Chelsea had always said that telepresence emptied the Humanity from Human interaction. “They say it’s indistinguishable,” she told me once, “just like having your family right there, snuggled up so you can see them and feel them and smell them next to you. But it’s not. It’s just shadows on the cave wall. I mean, sure, the shadows come in three-dee color with force-feedback tactile interactivity. They’re good enough to fool the civilized brain. But your gut knows those aren’t people , even if it can’t put its finger on how it knows. They just don’t feel real.
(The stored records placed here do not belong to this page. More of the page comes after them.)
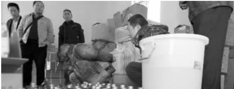
警方抓获的假酒制售人
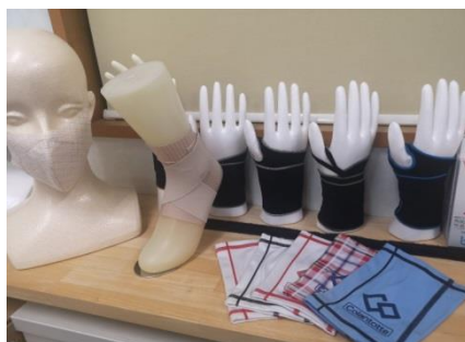
《医療器具製造への取組み》
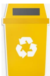
Reciclaje | Reutilización
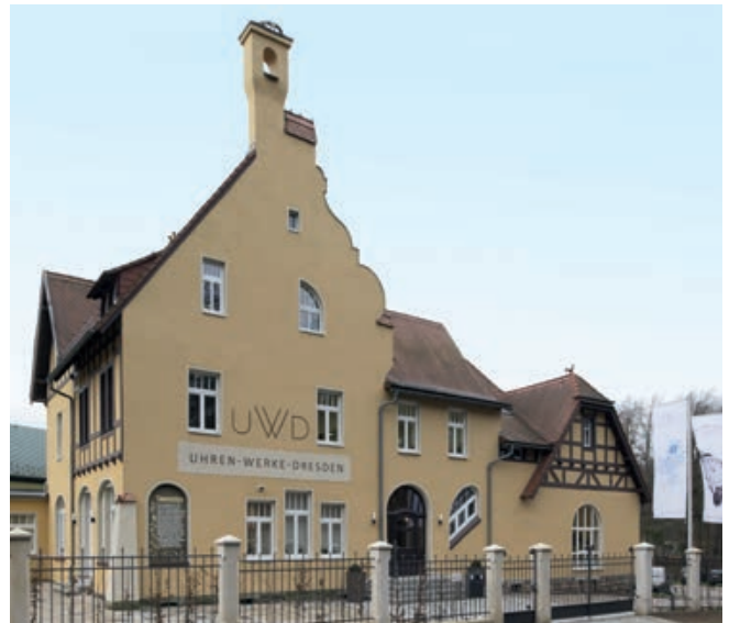
Historische Architektur verschmilzt mit hochmoderner Technik. Die Produktions- und Geschäftsräume der Uhren-Werke-Dresden (UWD) befinden sich in der Ullersdorfer Mühle – ein ganz besonderer Ort direkt am Rande der Dresdner Heide.
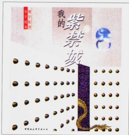
《我的紫禁城》兰子（绘）简宁（诗）

Know what I mean?”

I didn’t. Back then I’d had no clue what she was talking about. But now we were all cavemen again, huddling beneath some overhang while lightning split the heavens and vast formless monsters, barely glimpsed in bright strobe-frozen instants, roared and clashed in the darkness on all sides. There was no comfort in solitude. You couldn’t get it from interactive shadows. You needed someone real at your side, someone to hold on to, someone to share your airspace along with your fear and hope and uncertainty.

I imagined the presence of companions who wouldn’t vanish the moment I unplugged. But Chelsea was gone, and Pag in her wake. The few others I could have called—peers and former clients with whom my impersonations of rapport had been especially convincing—didn’t seem worth the effort. Flesh and blood had its own relationship to reality: necessary, but not sufficient.

Watching the world from a distance, it occurred to me at last: I knew exactly what Chelsea had meant, with her Luddite ramblings about desaturated Humanity and the colorless interactions of virtual space. I’d known all along.

I’d just never been able to see how it was any different from real life.

* * *

Imagine you are a machine.

Yes, I know. But imagine you’re a different kind of machine, one built from metal and plastic and designed not by blind, haphazard natural selection but by engineers and astrophysicists with their eyes fixed firmly on specific goals. Imagine that your purpose is not to replicate, or even to survive, but to gather information.

I can imagine that easily. It is in fact a much simpler impersonation than the kind I’m usually called on to perform.

I coast through the abyss on the colder side of Neptune’s orbit. Most of the time I exist only as an absence, to any observer on the visible spectrum: a moving, asymmetrical silhouette blocking the stars. But occasionally, during my slow endless spin, I glint with dim hints of reflected starlight. If you catch me in those moments you might infer something of my true nature: a segmented creature with foil skin, bristling with joints and dishes and spindly antennae. Here and there a whisper of accumulated frost clings to a joint or seam, some frozen wisp of gas encountered in Jupiter space perhaps. Elsewhere I carry the microscopic corpses of Earthly bacteria who thrived with carefree abandon on the skins of space stations or the benign lunar surface—but who had gone to crystal at only half my present distance from the sun. Now, a breath away from Absolute Zero, they might shatter at a photon’s touch.